Common hard disk iops reference values:
10.000 "113 rpm sas iops
15.000 "156 rpm sas iops
15.000 "146 rpm sas iops
2,5 "5.400 rpm sata 71 iops
7.200 "rpm SATA 65 iops
15.000 "150 rpm FC iops
Monitoring
Efficient and accurate monitoring of performance and faults can avoid most problems in advance
Plan
Prepare contingency plans for handling emergencies to avoid confusion and misoperations
Service downgrade Protection
A sudden failure in a module prevents cascade impact or ensures normal core services.

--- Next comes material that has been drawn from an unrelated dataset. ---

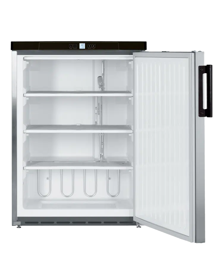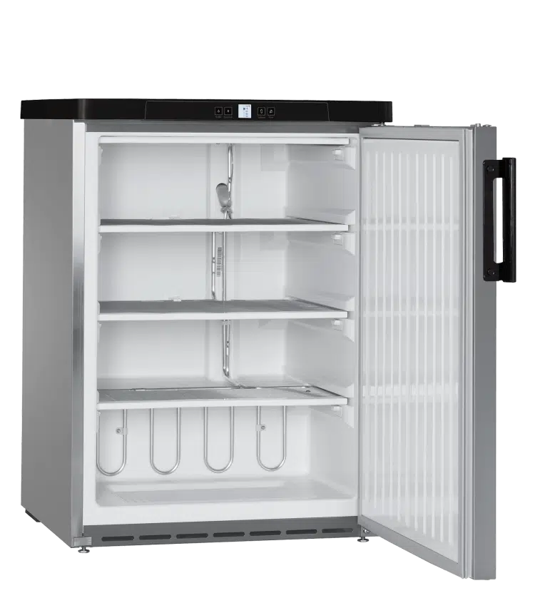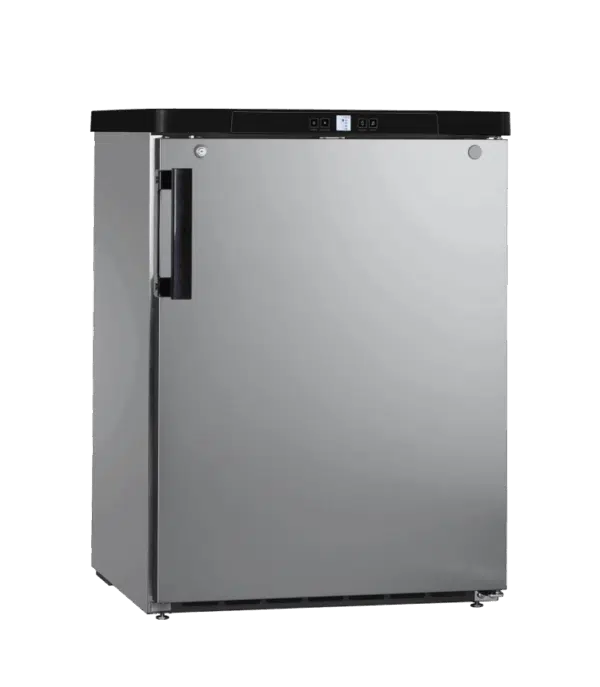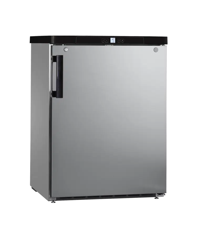 De Liebherr GGUesf 1405 tafelmodel vrieskast biedt een perfecte combinatie van verfijning en functionaliteit. Het roestvrijstalen ontwerp met een elegante zwarte handgreep en staalgrijze zijwanden geeft het apparaat een luxueuze uitstraling. Het model biedt een instelbaar temperatuurbereik en is voorzien van vaste verdamperplaten, die zorgen voor een efficiënte en praktische vakindeling. Dankzij de innovatieve SmartFrost-technologie profiteert u van minder ijsvorming en een eenvoudiger onderhoud.

This can be achieved by reducing module coupling or setting the module start/stop switch.
Prevent data push avalanche
When designing the DB architecture, we should consider the methods used to prevent performance jitter and even access avalanche caused by data push. For example, the front-end high performance
Ability to access the database by KV library and app.
DB load shifting Design
When the traffic volume suddenly increases, the abnormal peak value will have a great impact on the system performance, and even drag the system down. we can avoid this by designing the peak shifting design.
Problems, so that the system can process requests in the optimal performance. For example, the maximum number of requests allowed by the queue design is equal
Database session controls the maximum amount of concurrent processing in the database, so that the database works at the best performance
Efficient use of nosql Databases
Nosql databases are highly effective in dealing with KV environments. to efficiently use nosql databases and reduce access to RDBMS storage databases, you can
Uses RDBMS to actively push changed data to the nosql database. The application master reads nosql and times out to read nosql back-end storage RDBMS.

 

 

 

--- End -----

 

Contact Us

The content source of this page is from Internet, which doesn't represent Alibaba Cloud's opinion; products and services mentioned on that page don't have any relationship with Alibaba Cloud. If the content of the page makes you feel confusing, please write us an email, we will handle the problem within 5 days after receiving your email.

If you find any instances of plagiarism from the community, please send an email to: info-contact@alibabacloud.com and provide relevant evidence. A staff member will contact you within 5 working days.

A Free Trial That Lets You Build Big!

Start building with 50+ products and up to 12 months usage for Elastic Compute Service

  • Sales Support

    1 on 1 presale consultation

  • After-Sales Support

    24/7 Technical Support 6 Free Tickets per Quarter Faster Response

  • Alibaba Cloud offers highly flexible support services tailored to meet your exact needs.